With this sample of site indices, we can compute the collated indices for multiple combination of sites. Using a bootstrap approach, we can now estimate the confidence interval around the estimated collated index, using the variation observed between monitoring sites. First we randomly draw n bootstrap samples, using the function boot_sample. This function sample with replacement from a the pool of all sites available. Because sampling is done with replacement, site can occur twice in a specific bootstrap sample and it will be treated as two independent sites (realisations). Here we use a 500 bootstrap, with set.seed() sake of cpu time and repeatability, but you should aim for 1000 sample and more and remove the set.seed() in the random number generator to generate different samples between runs.

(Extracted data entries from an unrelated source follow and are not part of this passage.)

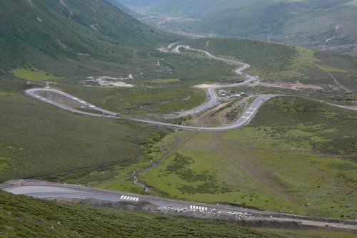 翻过折多山口,这长长蜿蜒的下坡山路,准备空档滑下去了!快没油了啊!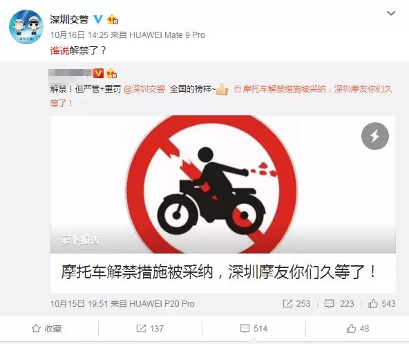 這才有了網(wǎng)傳的“深圳解禁摩托”一說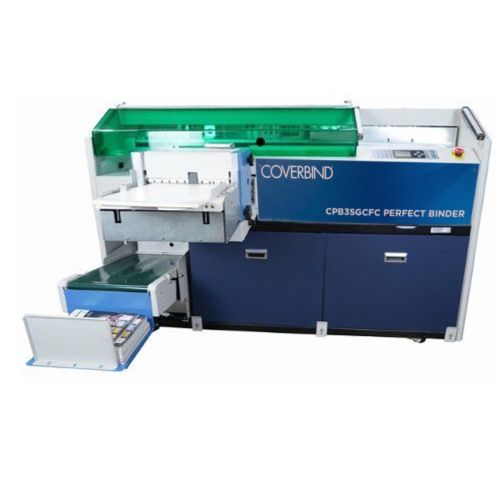 Bookbinding has never been easier with the Coverbind CPB3SGCFC Perfect Binder with Side Gluing, Cover Feeder, and Creaser. Its functional design makes it ideal for medium to large volume binding, and its simple operation is an added bonus. The machine is equipped with an automatic cover feeder with creaser and a vertical stacker to increase productivity. The two separate glue tanks and rollers evenly apply adhesive to the main cover and the spine of the book. Adjust the book’s thickness by simply turning the lever dial to the right to angle the book or to the left to round it. By lifting the cover and adjusting it up and down, the spine position of the book can also be adjusted. The scrapping and milling system on this binding machine ensures that coated, oil-infused, and UV coated materials adhere. It also has a vacuum system that collects dust and other debris after the book spine is cut, keeping your machine and workspace clean. This machine stacks completed books vertically in a loading box for the convenience of the operator.

Note that we set “glm_weights = TRUE” in the “collated_index()” function. If you set this argument to “TRUE”, the function will use the portion of the flight curve sampled as the weight in the model. This means that poorly informed indices (site with few visits or with visits outside the flight curve) have less influence on the collated index than those that cover a larger proportion of the flight curve.

bms_id <- "NLBMS"
set.seed(125361)

bootsample <- rbms::boot_sample(sindex[substr(SITE_ID, 1, 5) == bms_id, ], boot_n = 500)
co_index <- list()

## for progression bar, uncomment the following
pb <- txtProgressBar(min = 0, max = dim(bootsample$boot_ind)[1], initial = 0, char = "*",  style = 3)

for (i in c(0, seq_len(dim(bootsample$boot_ind)[1]))) {
    co_index[[i + 1]] <- rbms::collated_index(data = sindex[substr(SITE_ID, 1, 5) == bms_id, ],
                                              s_sp = s_sp,
                                              sindex_value = "SINDEX",
                                              bootID = i,
                                              boot_ind = bootsample,
                                              glm_weights = TRUE,
                                              rm_zero = TRUE)

    ## for progression bar, uncomment the following
    setTxtProgressBar(pb, i)
}

## collate and append all the result in a data.table format
co_index <- rbindlist(lapply(co_index, FUN = "[[", "col_index"))
co_index$BMS_ID <- bms_id
co_index$SPECIES <- s_sp

co_index_boot <- co_index
saveRDS(co_index_boot, file.path("bms_workshop_data", paste( gsub(" ", "_", s_sp), bms_id, "co_index_boot.rds", sep="_")))

Figure with CI

Now that you have a collated index, and a series bootstrapped collated indices, you can compute a 95% Confidence Interval around your index and construct a figure to illustrate the temporal trend resulting from the annual indices. Here we will rescale and present the indices on a log(index)/log(10) scale. Confidence interval are computed using the 0.025 and 0.975 quantile from the n bootstrap sample.

bms_id <- "NLBMS"

co_index_boot <- readRDS(file.path("bms_workshop_data", paste( gsub(" ", "_", s_sp), bms_id, "co_index_boot.rds", sep="_")))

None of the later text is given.